SMC is good.. u can get most of the products....but the cost is bit high then others...


----------



## navrajyadav (Jul 31, 2008)

thanks friends for the great advice.


----------



## xbonez (Jul 31, 2008)

yeah ... never ask the salesmen to 'reccomend' you the best mobo, procy, GPU etc. they won't tell you the best, they'll just tell you what does not sell so they can empty their shelves


----------



## cooldip10 (Aug 2, 2008)

asigh said:


> You mean he bargained..down...and still got a receipt..???



Yes Sir.. Absolutely.. With receipt..

But he damaged his ipod while walking in heavy rain..


----------



## asingh (Aug 3, 2008)

cooldip10 said:


> Yes Sir.. Absolutely.. With receipt..
> 
> But he damaged his ipod while walking in heavy rain..

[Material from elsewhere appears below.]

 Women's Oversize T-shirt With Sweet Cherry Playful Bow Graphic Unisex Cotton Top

Good bargain -- bad weather..!


----------



## Log_net2 (Aug 3, 2008)

i saved this page for future reference,thanks to you all.


----------



## spindoc (Aug 4, 2008)

xbonez said:


> my faves, Computer Empire, SMC Intl, RR Systems and Cost to Cost


*+1
*cant vouch for R R Systems, but the rest r top notch shops, they are well stocked with new and good products.


----------



## austinium (Aug 4, 2008)

Computer Empire & Cost to Cost get my vote, regardless of where you buy your stuff from remember to try 4-5 different stores before settling for one with the lowest price & bill, some stores like Cost 2 Cost have their rate list pasted on the walls, with others ask for an estimate. Always Always get proper bills, np mein kaatne waalon ki koi kami nahi hain.


----------



## asingh (Aug 5, 2008)

austinium said:


> Always Always get proper bills, np mein kaatne waalon ki koi kami nahi hain.


 

So true...Nehru Place is like that. Lots of bad practices going on for sales, re-sales. 

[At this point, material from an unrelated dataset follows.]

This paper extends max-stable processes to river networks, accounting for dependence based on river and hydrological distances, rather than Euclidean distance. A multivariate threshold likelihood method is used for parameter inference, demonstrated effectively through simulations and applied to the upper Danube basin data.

Honestly speaking..I buy all my parts from there..but am "always" scared....that it might not work..or some fault is there. Its a huge maze...lots of shops....lots of heat..lots of pan spit...tons of computer parts....


----------



## Plasma_Snake (Aug 5, 2008)

If someone can then please tell me the price of both Corsair TX750 PSU and HD 4850 in Nehru Place, Delhi and if possible then Dealer too.


----------